(INSTRUCTIONS FOR THE TASK) The whole listing below needs to be duplicated exactly, pictures aside.

(DATASET EXTRACT)
____________
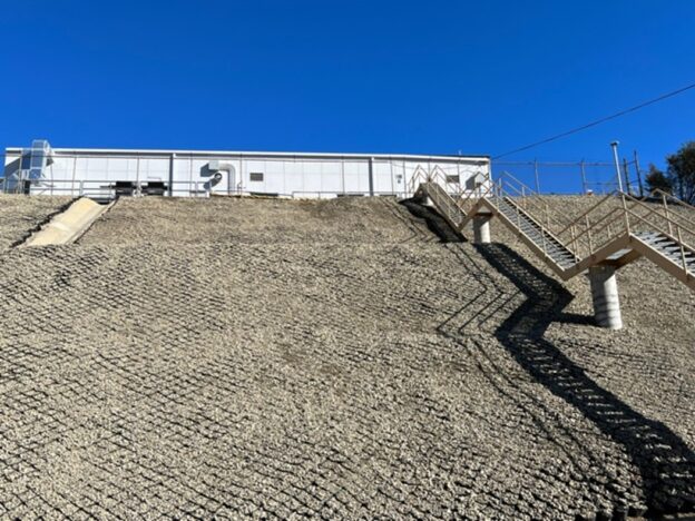 The project owner had recently completed facility renovations and needed to repair and protect the slopes and hillsides surrounding the facility. However, the project owner had attempted other vegetated and non-vegetated erosion control methods in the past, and due to recent wildfires, drought cycles, and heavy erosion, those previous efforts did not achieve the desired level of long-term protection. The project owner and their contractor sought to meet initiatives from the U.S. Department of Agriculture (USDA) Forest Service for land management practices designed to mitigate erosion before and after severe fire events, and in evaluating possible solutions, the GEOWEB® Geocell Slope Protection System was identified for further evaluation and analysis. GEOWEB Geocells are three-dimensional cellular confinement products made from strips of high-density polyethylene (HDPE) welded together to create an expandable honeycomb-shaped structure. The geocells confine the soil or aggregate fill, minimizing movement and migration of the embankment materials by functioning as anchored containers in the upper soil layer. The geocell system resists sheet flow, preventing severe erosion and controlling rill and gully formation, especially in erosive post-incendiary soils.
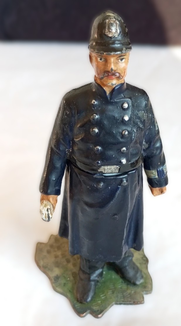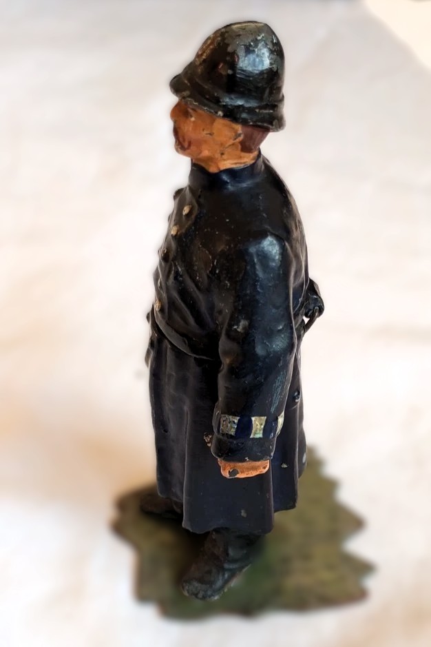 - Finish: The metal is finished with cold paint (paint applied to the metal without firing). The coloring depicts a traditional British police uniform:
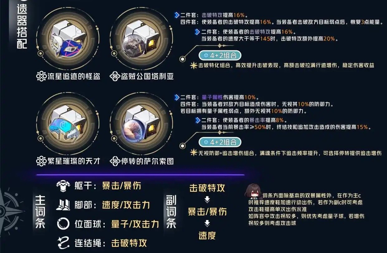 - 流星追迹的怪盗四件套:主要通过行迹1转化增伤,但雪衣全身增伤乘区多,边际收益问题导致综合不如量子套,娱乐玩法可考虑。
____________
(SOLUTION TO THE EXERCISE)
 The project owner had recently completed facility renovations and needed to repair and protect the slopes and hillsides surrounding the facility. However, the project owner had attempted other vegetated and non-vegetated erosion control methods in the past, and due to recent wildfires, drought cycles, and heavy erosion, those previous efforts did not achieve the desired level of long-term protection. The project owner and their contractor sought to meet initiatives from the U.S. Department of Agriculture (USDA) Forest Service for land management practices designed to mitigate erosion before and after severe fire events, and in evaluating possible solutions, the GEOWEB® Geocell Slope Protection System was identified for further evaluation and analysis. GEOWEB Geocells are three-dimensional cellular confinement products made from strips of high-density polyethylene (HDPE) welded together to create an expandable honeycomb-shaped structure. The geocells confine the soil or aggregate fill, minimizing movement and migration of the embankment materials by functioning as anchored containers in the upper soil layer. The geocell system resists sheet flow, preventing severe erosion and controlling rill and gully formation, especially in erosive post-incendiary soils.
 - Finish: The metal is finished with cold paint (paint applied to the metal without firing). The coloring depicts a traditional British police uniform:
 - 流星追迹的怪盗四件套:主要通过行迹1转化增伤,但雪衣全身增伤乘区多,边际收益问题导致综合不如量子套,娱乐玩法可考虑。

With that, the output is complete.